Category: Urban form

  • Spaceship City

    Spaceship City

    Notes from a talk given at the Lombardini22 Event on ‘Extreme Spaces’ in Milan, 7th May 2026.

    In preparing for this talk I set myself the challenge of designing a spaceship that could carry humans away from Earth to other parts of space where they might settle. What would this spacecraft look like? What would be its key design features?

    First, it would need to be mechanically and operationally competent. But that’s just the beginning.

    Spaceflight is undoubtedly an extreme undertaking, with the structural integrity of the spacecraft being only one of many extreme hazards. Other profound risks include the reliability of propulsion, energy and communications systems.

    It was a failure in structural integrity that led to the loss of the space shuttle Columbia. A failure in the energy system that led to the Apollo 13 crisis. And a failure in the propulsion system that led to the Challenger disaster.

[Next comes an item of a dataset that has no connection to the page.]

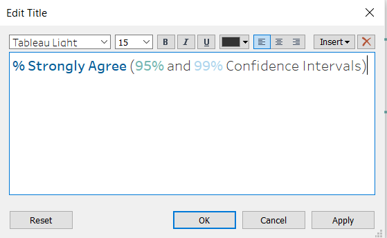 - Double click on the sheet title and amend it to “% Strongly Agree (95% and 99% Confidence Intervals)”. Click OK
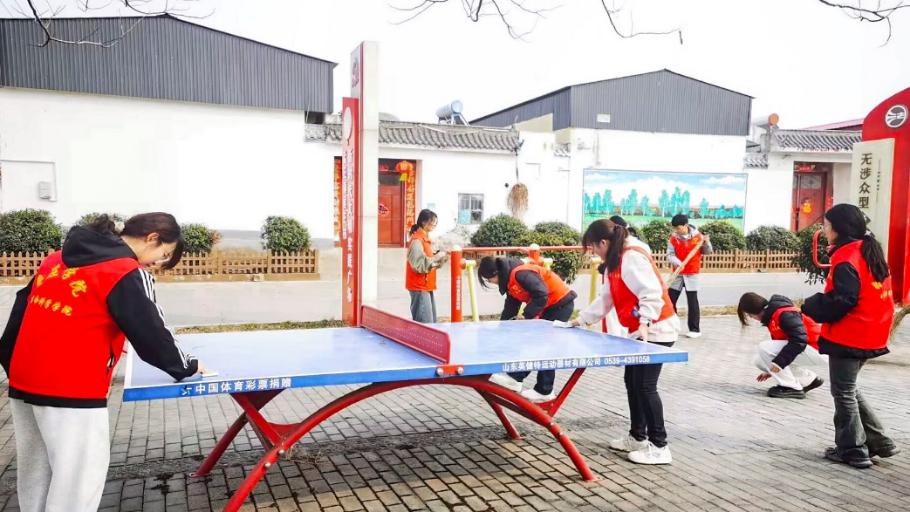在运动广场上,志愿者们带着清洁工具,仔细擦拭乒乓球台、健身器械等,不放过任何角落,让器材干净如新,不仅提升了器材的美观度,也为村民们提供了更加干净、安全的健身环境。

    Failures in communication also happen. The final descent to the moon of Apollo 11 was blighted by difficulties in finding a signal between mission control, the command module and the lunar module. Then, moments later, problems in the software system with an overloaded computer needing to shut off less-essential processes in order to preserve processing power for the systems that mattered more at the time. Difficulties that were ultimately resolved.

    The challenge I’d like to consider in this talk is of a different order – it’s not a mechanical challenge but a social one. We can see its origins in the near mutiny that occurred during the Apollo 7 mission when an argument broke out between the crew and Mission Control about the intense schedule and its demands on the astronauts.

    Spaceflight is highly programmed. Aside from rest periods, there’s hardly a second never mind a minute that isn’t programmed. Getting the balance wrong between rest and activity between focus and relaxation – can have an impact on physical and mental wellbeing. But a demanding schedule is understandable for one simple reason: missions are short. Even a flight to the moon and back is a matter of days.

    The International Space Station is different. Crew are generally there much longer. But it’s still only a matter of months, a year at most. What we do know though is that, with these longer space flights, crew need to readjust physically and mentally to being back on Earth. Physically because they’ve existed without gravity and so their musculoskeletal systems need to be rebuilt.

    And, mentally because they have also been confined in what amounts to nothing bigger than a small prison.

    Not only this but the cognitive load of being surrounded by task-oriented equipment, without the relief of social spaces dedicated to relaxation

    We can say that these are some of the most restrictive and cognitively demanding spatial layouts in the history of our species.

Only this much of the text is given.